▸ **What needs to be done**
For every line below, restate it exactly and drop the images.

▸ **Data block**
§

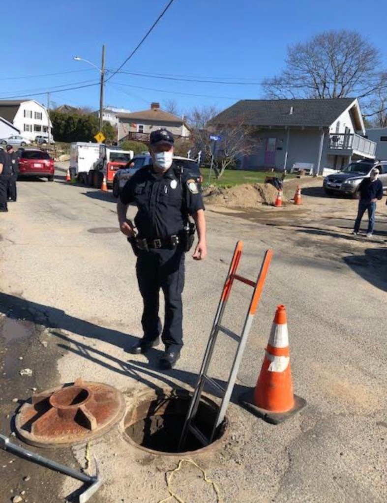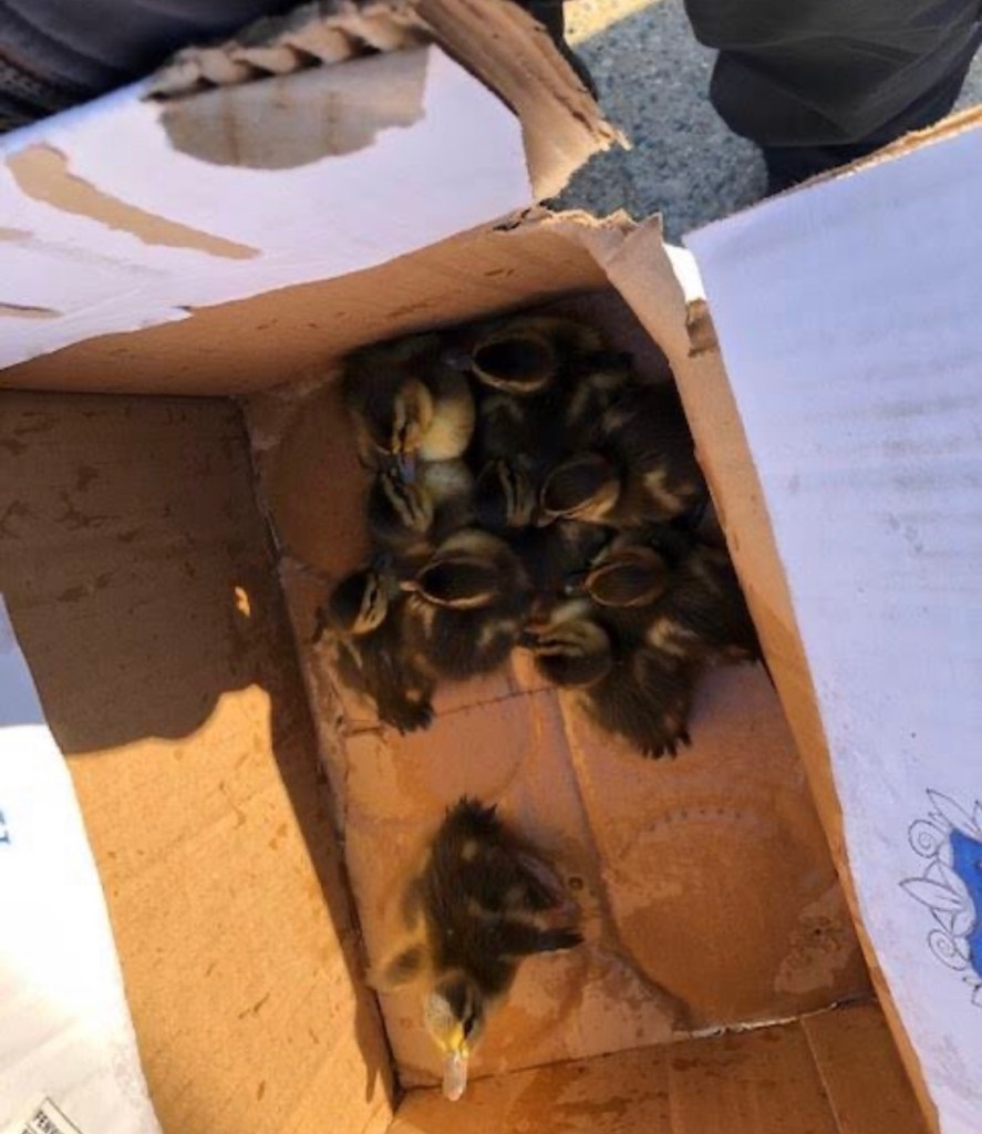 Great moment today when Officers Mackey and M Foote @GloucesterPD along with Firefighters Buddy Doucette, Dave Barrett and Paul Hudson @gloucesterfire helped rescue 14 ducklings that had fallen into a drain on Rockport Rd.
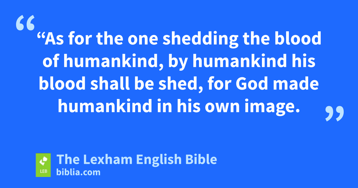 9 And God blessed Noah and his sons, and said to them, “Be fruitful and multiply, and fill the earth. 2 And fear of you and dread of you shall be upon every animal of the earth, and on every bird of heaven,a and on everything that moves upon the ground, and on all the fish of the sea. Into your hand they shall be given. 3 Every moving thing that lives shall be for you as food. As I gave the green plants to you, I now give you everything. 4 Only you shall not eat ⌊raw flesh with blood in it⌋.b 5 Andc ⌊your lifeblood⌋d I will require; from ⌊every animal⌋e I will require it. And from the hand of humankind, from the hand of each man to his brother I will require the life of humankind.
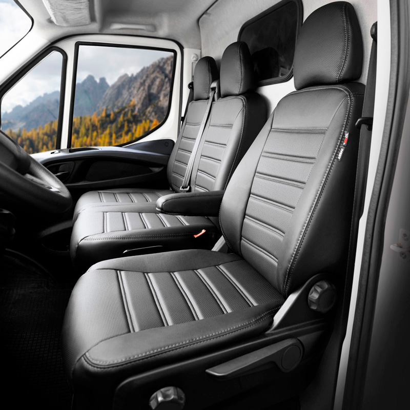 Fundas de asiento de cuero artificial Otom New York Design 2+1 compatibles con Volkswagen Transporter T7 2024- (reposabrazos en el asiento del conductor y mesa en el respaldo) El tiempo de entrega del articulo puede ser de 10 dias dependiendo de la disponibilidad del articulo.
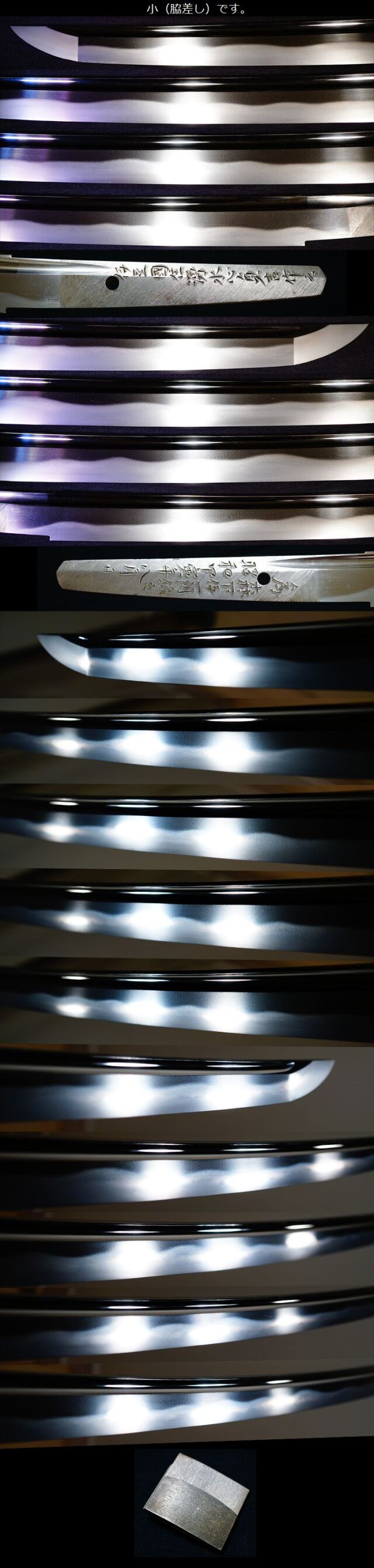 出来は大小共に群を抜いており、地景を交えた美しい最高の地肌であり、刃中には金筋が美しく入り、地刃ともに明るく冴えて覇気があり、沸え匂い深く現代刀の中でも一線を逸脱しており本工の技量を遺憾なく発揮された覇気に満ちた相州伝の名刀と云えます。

§

▸ **Result below**
 Great moment today when Officers Mackey and M Foote @GloucesterPD along with Firefighters Buddy Doucette, Dave Barrett and Paul Hudson @gloucesterfire helped rescue 14 ducklings that had fallen into a drain on Rockport Rd.
 9 And God blessed Noah and his sons, and said to them, “Be fruitful and multiply, and fill the earth. 2 And fear of you and dread of you shall be upon every animal of the earth, and on every bird of heaven,a and on everything that moves upon the ground, and on all the fish of the sea. Into your hand they shall be given. 3 Every moving thing that lives shall be for you as food. As I gave the green plants to you, I now give you everything. 4 Only you shall not eat ⌊raw flesh with blood in it⌋.b 5 Andc ⌊your lifeblood⌋d I will require; from ⌊every animal⌋e I will require it. And from the hand of humankind, from the hand of each man to his brother I will require the life of humankind.
 Fundas de asiento de cuero artificial Otom New York Design 2+1 compatibles con Volkswagen Transporter T7 2024- (reposabrazos en el asiento del conductor y mesa en el respaldo) El tiempo de entrega del articulo puede ser de 10 dias dependiendo de la disponibilidad del articulo.
 出来は大小共に群を抜いており、地景を交えた美しい最高の地肌であり、刃中には金筋が美しく入り、地刃ともに明るく冴えて覇気があり、沸え匂い深く現代刀の中でも一線を逸脱しており本工の技量を遺憾なく発揮された覇気に満ちた相州伝の名刀と云えます。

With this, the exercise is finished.